Skeletal muscle following stroke may be affected by the altered central neural activation and spasticity. The spasticity has many influences on the muscle, causing both reduced motor unit recruitment and excessive cocontraction, with an overactive stretch reflex [20]. Passive joint stiffness in subjects with chronic stroke, including increased resistance to passive movement, have a multitude of functional implications, including alterations in gait [30]. Fortunately, rehabilitation therapies to improve passive joint stiffness can improve functional outcomes. The pathophysiology of spasticity can occur as a result of abnormalities on different levels, including muscular and spinal properties, as well as supraspinal mechanisms [31]. Patients in our study had a significant recovery after the rehabilitation treatment based on the MMAS scores, which was consistent with previous research results [32,33]. In addition, the Spearman correlation analysis indicated that changes in PCr and PCr/Pi-measured 31P-MRS were negatively correlated with MMAS change before and after rehabilitation. We infer that spasticity can cause muscle weakness, and with the MASS recovery, the degree of weakness was reduced, causing more reserve of energy sources such as PCr [32].

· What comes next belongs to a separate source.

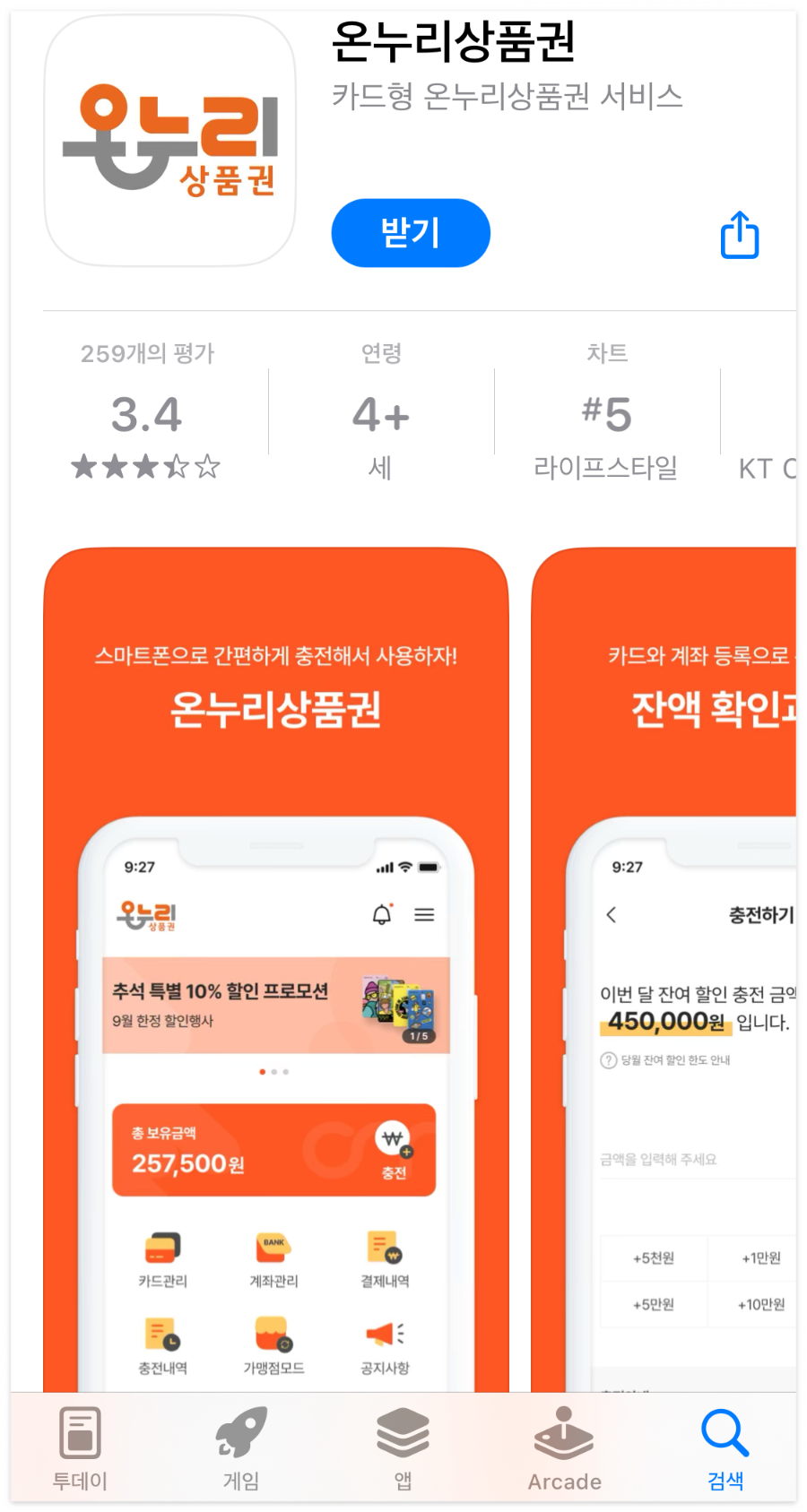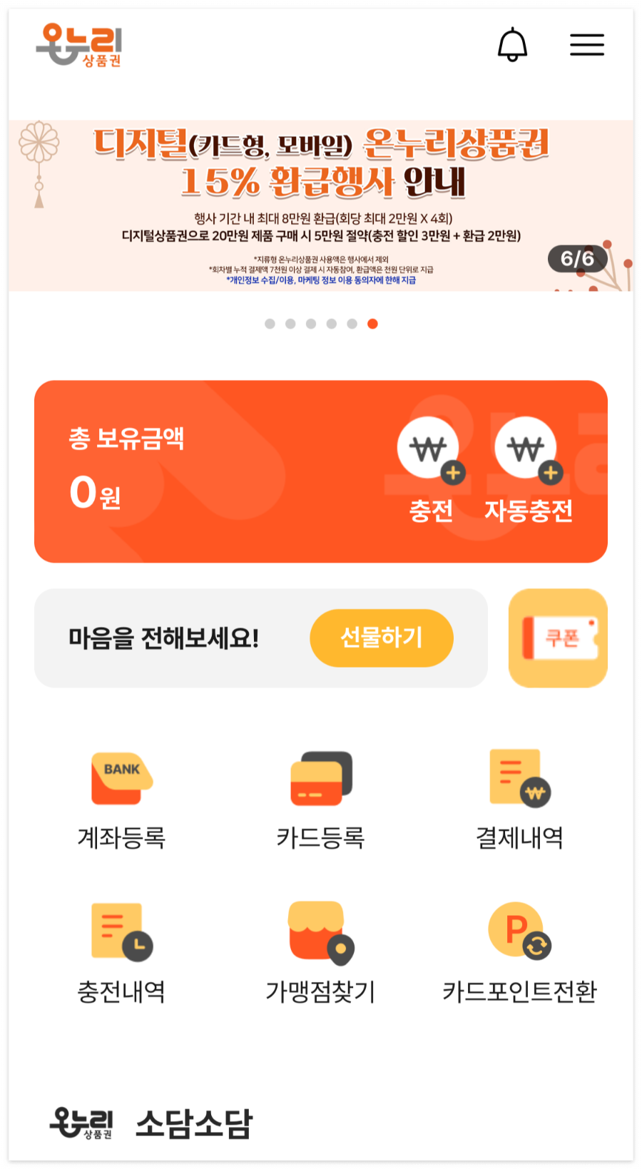 카드형은 기존 신용카드에 충전해서 쓰는 방식인데, 카드형을 사용 하기 위해서는 먼저 온누리상품권 어플을 다운받아주셔야 합니다. 그 다음 어플에서 돈이 빠져나갈 계좌를 연동해 주고, 사용할 신용카드를 선택해서 등록 하시면 됩니다.

We acknowledge several limitations of our study. First, the structure and metabolism in skeletal muscle of the unaffected side can also change after stroke, so we did not use normal subjects as normal controls. Although little evidence shows sex differences in energy metabolism in skeletal muscle, the size of the sample was small and there were no women in our study. Second, the location and features of lesions in the brain affected by stroke and time of onset may be associated with lower-limb movements. Third, because patients with stroke experience difficulty controlling lower-limb movements, we did not use 31P-MRS to complete the dynamic exercise study. Future studies that include larger participant samples are needed to comprehensively evaluate rehabilitation effects in this field.

Conclusions

We have shown not only that PCr and PCr/Pi measured by 31P-MRS decreased on the affected side, but also that PCr reflected changes in MMAS. This finding supports the pathophysiological changes of muscles after stroke. Rehabilitation treatment facilitates recovery of impaired muscle movement in patients with stroke; however, the outcome differs among patients. Thus, 31P-MRS, as a non-invasive measurement of muscle metabolism, is especially pertinent for patients in chronic stage ready for rehabilitation treatment, which can provide an adequate diagnostic and follow-up protocol in patients with stroke.